The functions [APvsnAP_luminance_contrast_and_ODD_metrics.m] and [APvsnAP_luminance_contrast_and_ODD_metrics.m] are specifically set to compute all the metrics presented in the papers for all the images of the St Andrews hyperspectral database of Lepidoptera. The code also provides more versatile versions for computing the metrics for a single image of a set of images within a folder.

• [APvsnAP_luminance_contrast_and_ODD_metrics_generic.m] is the counterpart of [APvsnAP_luminance_contrast_and_ODD_metrics.m]. These two functions are similar in all but the loop over the images. Whereas this loop is specific to the database in [APvsnAP_luminance_contrast_and_ODD_metrics.m], [APvsnAP_luminance_contrast_and_ODD_metrics_generic.m] can handle a set of luminance images (in Matlab's *.mat, or *.png format—other image format can be added easily) and compute the all the luminance diagnostics (in particular, luminance contrast and ODD) for each image using APvsnAP_luminance_contrast_and_ODD_metrics_generic( luminance_folder, im_ext), where 'luminance_folder' is the address of the folder containging the images and 'im_ext' is the image format (or, more generally and for convenience, any 'suffix' description of the names of the files to be analysed; see function fo details).

• [APvsnAP_colour_metrics_generic.m] is the counterpart of [APvsnAP_colour_metrics.m]. These two functions are similar in all but the loop over the images. Whereas this loop is specific to the database in [APvsnAP_colour_metrics.m], [APvsnAP_colour_metrics_generic.m] can analyse a set of cone outputs saved in Matlab's format *.mat. See function for details.

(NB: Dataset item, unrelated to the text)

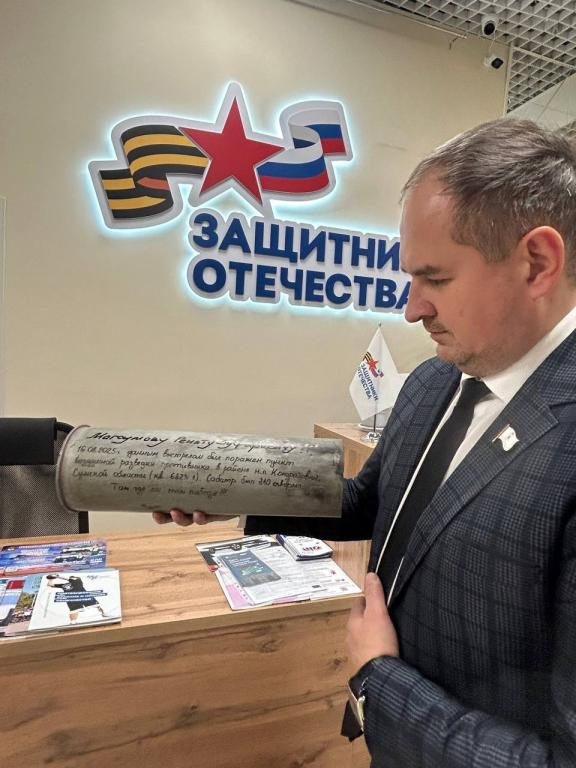 — Наши земляки передали мне гильзу. Причём непростую. 16 августа 2025 года выстрелом был поражён пункт воздушной разведки противника в районе населённого пункта Кондратовка Сумской области, — рассказал Ренат Магсумов.

An 'example of use' is provided for both [APvsnAP_luminance_contrast_and_ODD_metrics_generic.m] and [APvsnAP_colour_metrics_generic.m].

Description of the R code

The R code implements the statistical analysis of the paper and Supplementary Material. It consists of three
parts. The first and third parts respectively provide the statistical analysis of the summary statistics in the main manuscript and in the Supplementary Material. These parts are implemented in the file
'statistical_analysis A computational neuroscience framework for quantifying warning signals Penacchio et al 2023.R'.

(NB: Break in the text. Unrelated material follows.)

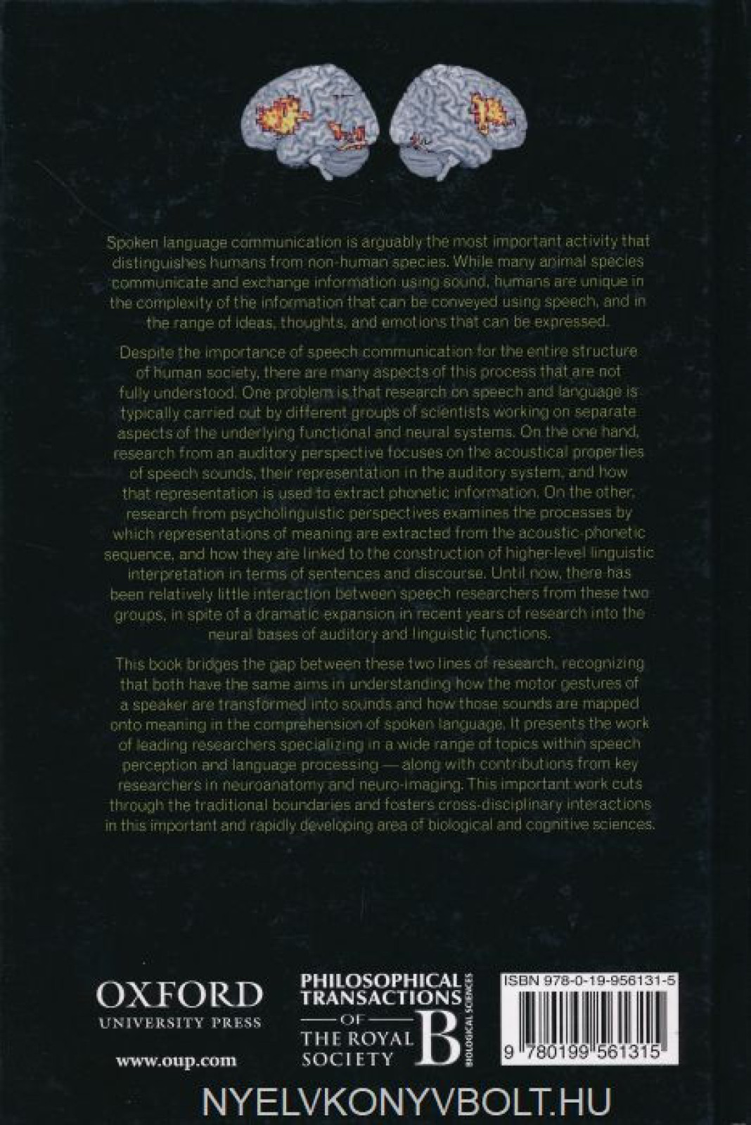 This book presents the work of leading researchers specializing in a wide range of topics within speech perception and language processing - along with contributions from key researchers in neuroanatomy and neuro-imaging.

The second part implements a bootstrap procedure to compare pairs of aposematic and non-aposematic species within the same family and corresponds to a second file named 'bootstrap_pairs A computational neuroscience framework for quantifying warning signals Penacchio et al May 23.R'.

Running the code should be straightforward provided the path to the tables Table_S2_List_of_Specimens.xlsx and
Table_S3_List_of_Supplementary_metrics.xlsx is set correctly:

-The path to Table_S2_List_of_Specimens.xlsx should be set on line 21
of 'statistical_analysis A computational neuroscience framework for quantifying warning signals Penacchio et al May 23.R'

rawData <- read_excel("*** specify path to table Table_S2_List_of_Specimens.xlsx***")

and on line 16 of 'bootstrap_pairs A computational neuroscience framework for quantifying warning signals Penacchio et al May 23.R'

rawData <- read_excel("*** specify path to table Table_S2_List_of_Specimens.xlsx***")

-The path to Table_S3_List_of_Supplementary_metrics.xlsx should be set on line 183
of 'statistical_analysis A computational neuroscience framework for quantifying warning signals Penacchio et al May 23.R'

supplrawData <- read_excel("*** specify path to table Table_S3_List_of_Supplementary_metrics.xlsx***")

Alternatives to the Matlab code

All the Matlab functions of the code but the dependent function multibandread.m can be run in the open source language Octave (using GNU Octave 8.3.0, see https://octave.org/) provided the right packages are loaded (Octave will automatically indicate which packages are missing and how to load them). The function multibandread.m is not available in Octave. This function is crucial to read the hyperspectral scans. Reading the scans can be done with the open source language Python using the module SPy (see http://www.spectralpython.net/index.html; SPy). Once read the hyperspectral images (sometimes called "hypercubes") can be exported to *.mat files using Python functions to export Python's arrays to Matlab's matrices stored as *.mat files (e.g., using scipy.io.savemat). The resulting *.mat files can be read in Octave.